- [Aim of the task]
Starting at the line containing "石浩第2026002期大乐透" and ending at the line containing "I had the thought", print every line of the material below exactly, both ends included, and stop there.

......

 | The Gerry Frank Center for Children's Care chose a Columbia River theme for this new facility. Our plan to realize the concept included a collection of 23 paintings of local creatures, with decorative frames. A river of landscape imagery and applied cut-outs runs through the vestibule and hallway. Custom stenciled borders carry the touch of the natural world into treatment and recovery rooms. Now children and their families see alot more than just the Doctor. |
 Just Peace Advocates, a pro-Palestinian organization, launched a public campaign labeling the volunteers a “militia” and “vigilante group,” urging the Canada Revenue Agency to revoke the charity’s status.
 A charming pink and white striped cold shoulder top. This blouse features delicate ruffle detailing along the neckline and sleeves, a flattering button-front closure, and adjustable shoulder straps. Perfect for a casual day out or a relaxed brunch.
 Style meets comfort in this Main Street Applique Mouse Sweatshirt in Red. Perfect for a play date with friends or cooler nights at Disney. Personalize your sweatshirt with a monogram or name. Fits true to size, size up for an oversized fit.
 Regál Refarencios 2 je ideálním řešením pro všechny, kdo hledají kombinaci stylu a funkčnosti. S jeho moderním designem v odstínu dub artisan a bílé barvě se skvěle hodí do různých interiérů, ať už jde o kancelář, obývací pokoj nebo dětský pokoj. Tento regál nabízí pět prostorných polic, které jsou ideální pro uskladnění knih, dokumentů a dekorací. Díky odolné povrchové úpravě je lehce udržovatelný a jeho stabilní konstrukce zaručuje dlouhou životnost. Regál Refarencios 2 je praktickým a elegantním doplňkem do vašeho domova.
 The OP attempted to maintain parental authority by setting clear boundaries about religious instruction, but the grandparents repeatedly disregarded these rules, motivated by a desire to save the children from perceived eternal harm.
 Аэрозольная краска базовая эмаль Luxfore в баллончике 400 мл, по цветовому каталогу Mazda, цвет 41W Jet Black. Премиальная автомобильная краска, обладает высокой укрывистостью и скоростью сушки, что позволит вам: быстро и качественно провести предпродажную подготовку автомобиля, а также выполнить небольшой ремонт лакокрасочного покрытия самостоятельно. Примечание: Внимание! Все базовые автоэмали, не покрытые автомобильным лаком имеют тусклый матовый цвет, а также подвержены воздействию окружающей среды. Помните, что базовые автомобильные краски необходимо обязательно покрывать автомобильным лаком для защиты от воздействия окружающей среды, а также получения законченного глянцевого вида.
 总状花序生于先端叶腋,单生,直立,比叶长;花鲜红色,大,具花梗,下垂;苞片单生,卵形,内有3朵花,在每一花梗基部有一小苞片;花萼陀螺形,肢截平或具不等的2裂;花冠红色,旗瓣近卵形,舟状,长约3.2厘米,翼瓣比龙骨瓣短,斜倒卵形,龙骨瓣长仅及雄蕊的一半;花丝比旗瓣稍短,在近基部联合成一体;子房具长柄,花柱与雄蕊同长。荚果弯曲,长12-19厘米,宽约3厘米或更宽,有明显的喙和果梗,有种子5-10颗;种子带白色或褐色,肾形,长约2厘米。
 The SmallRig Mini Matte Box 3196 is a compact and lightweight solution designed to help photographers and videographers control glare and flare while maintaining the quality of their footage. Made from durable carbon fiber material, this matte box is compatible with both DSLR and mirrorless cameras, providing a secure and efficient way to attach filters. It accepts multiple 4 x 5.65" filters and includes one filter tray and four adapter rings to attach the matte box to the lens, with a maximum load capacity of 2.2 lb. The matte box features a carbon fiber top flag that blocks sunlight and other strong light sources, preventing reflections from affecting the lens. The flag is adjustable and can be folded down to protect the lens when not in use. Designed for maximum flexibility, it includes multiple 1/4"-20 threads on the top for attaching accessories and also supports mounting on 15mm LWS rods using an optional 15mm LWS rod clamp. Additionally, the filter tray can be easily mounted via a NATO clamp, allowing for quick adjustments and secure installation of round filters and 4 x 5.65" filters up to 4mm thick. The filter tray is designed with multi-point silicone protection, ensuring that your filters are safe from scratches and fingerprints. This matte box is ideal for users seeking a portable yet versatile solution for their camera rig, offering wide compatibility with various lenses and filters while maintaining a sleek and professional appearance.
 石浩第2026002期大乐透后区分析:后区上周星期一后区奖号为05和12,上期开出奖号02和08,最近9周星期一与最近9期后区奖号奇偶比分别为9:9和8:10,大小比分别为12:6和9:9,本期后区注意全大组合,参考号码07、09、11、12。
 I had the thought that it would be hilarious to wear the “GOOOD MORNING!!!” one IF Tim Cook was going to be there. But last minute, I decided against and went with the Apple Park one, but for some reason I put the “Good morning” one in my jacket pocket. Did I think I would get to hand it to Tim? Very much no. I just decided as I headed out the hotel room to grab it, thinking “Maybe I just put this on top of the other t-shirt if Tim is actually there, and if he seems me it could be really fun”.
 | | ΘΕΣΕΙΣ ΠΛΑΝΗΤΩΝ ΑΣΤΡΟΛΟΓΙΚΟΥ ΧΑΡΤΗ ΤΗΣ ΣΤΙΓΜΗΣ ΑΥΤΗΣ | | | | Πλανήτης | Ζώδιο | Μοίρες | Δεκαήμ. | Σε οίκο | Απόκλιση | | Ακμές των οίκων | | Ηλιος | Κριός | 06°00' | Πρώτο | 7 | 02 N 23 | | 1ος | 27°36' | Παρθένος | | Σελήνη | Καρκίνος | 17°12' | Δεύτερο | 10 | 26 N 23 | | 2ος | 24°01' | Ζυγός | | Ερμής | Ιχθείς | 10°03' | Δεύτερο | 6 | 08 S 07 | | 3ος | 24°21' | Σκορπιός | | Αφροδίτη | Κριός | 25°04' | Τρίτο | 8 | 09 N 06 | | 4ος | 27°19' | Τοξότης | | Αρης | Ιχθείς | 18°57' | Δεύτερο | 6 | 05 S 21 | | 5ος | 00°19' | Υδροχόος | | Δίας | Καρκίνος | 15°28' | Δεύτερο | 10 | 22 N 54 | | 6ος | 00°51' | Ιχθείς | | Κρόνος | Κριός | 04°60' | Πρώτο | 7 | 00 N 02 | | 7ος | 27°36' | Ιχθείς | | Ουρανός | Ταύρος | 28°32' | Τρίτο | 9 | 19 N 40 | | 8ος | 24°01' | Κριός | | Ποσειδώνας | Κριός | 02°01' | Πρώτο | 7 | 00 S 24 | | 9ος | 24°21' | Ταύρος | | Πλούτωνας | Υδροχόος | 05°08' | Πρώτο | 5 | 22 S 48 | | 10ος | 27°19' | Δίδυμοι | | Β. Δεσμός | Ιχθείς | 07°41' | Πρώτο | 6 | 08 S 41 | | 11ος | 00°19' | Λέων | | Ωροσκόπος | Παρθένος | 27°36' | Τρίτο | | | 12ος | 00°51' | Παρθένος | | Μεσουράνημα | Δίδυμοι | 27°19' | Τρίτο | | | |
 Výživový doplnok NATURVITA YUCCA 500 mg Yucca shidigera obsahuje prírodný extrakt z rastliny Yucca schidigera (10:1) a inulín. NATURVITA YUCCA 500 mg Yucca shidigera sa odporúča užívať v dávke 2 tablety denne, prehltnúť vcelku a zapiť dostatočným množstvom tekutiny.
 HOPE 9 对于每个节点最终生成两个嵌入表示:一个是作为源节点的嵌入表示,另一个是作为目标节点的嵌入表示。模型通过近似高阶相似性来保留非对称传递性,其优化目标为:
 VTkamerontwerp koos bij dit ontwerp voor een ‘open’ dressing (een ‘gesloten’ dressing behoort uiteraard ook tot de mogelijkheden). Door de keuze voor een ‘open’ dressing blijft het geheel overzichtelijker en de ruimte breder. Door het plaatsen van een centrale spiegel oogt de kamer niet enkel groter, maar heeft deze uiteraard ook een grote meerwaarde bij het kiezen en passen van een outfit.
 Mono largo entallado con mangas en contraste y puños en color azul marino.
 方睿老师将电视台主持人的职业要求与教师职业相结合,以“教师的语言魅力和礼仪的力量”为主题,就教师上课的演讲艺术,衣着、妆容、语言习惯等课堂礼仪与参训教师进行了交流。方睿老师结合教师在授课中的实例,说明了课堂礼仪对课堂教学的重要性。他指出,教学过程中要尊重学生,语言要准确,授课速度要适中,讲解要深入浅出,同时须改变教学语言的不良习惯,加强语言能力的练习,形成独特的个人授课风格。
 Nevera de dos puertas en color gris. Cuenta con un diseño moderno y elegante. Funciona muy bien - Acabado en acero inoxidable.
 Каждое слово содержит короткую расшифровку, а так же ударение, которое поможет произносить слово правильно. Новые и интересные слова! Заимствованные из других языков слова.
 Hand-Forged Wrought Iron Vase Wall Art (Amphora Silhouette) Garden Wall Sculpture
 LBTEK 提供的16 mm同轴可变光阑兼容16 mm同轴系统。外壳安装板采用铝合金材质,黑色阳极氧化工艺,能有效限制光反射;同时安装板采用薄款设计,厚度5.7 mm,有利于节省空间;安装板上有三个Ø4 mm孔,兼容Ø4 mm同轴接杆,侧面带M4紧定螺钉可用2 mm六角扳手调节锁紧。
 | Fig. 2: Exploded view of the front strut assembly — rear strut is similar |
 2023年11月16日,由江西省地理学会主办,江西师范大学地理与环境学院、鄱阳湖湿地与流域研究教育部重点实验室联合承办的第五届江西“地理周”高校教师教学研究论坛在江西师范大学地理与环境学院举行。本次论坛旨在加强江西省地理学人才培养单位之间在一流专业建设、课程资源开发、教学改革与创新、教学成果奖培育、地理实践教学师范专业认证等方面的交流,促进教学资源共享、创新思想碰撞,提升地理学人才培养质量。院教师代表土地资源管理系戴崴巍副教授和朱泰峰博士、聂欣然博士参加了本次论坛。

......

- [Task answer]
 石浩第2026002期大乐透后区分析:后区上周星期一后区奖号为05和12,上期开出奖号02和08,最近9周星期一与最近9期后区奖号奇偶比分别为9:9和8:10,大小比分别为12:6和9:9,本期后区注意全大组合,参考号码07、09、11、12。
 I had the thought that it would be hilarious to wear the “GOOOD MORNING!!!” one IF Tim Cook was going to be there. But last minute, I decided against and went with the Apple Park one, but for some reason I put the “Good morning” one in my jacket pocket. Did I think I would get to hand it to Tim? Very much no. I just decided as I headed out the hotel room to grab it, thinking “Maybe I just put this on top of the other t-shirt if Tim is actually there, and if he seems me it could be really fun”.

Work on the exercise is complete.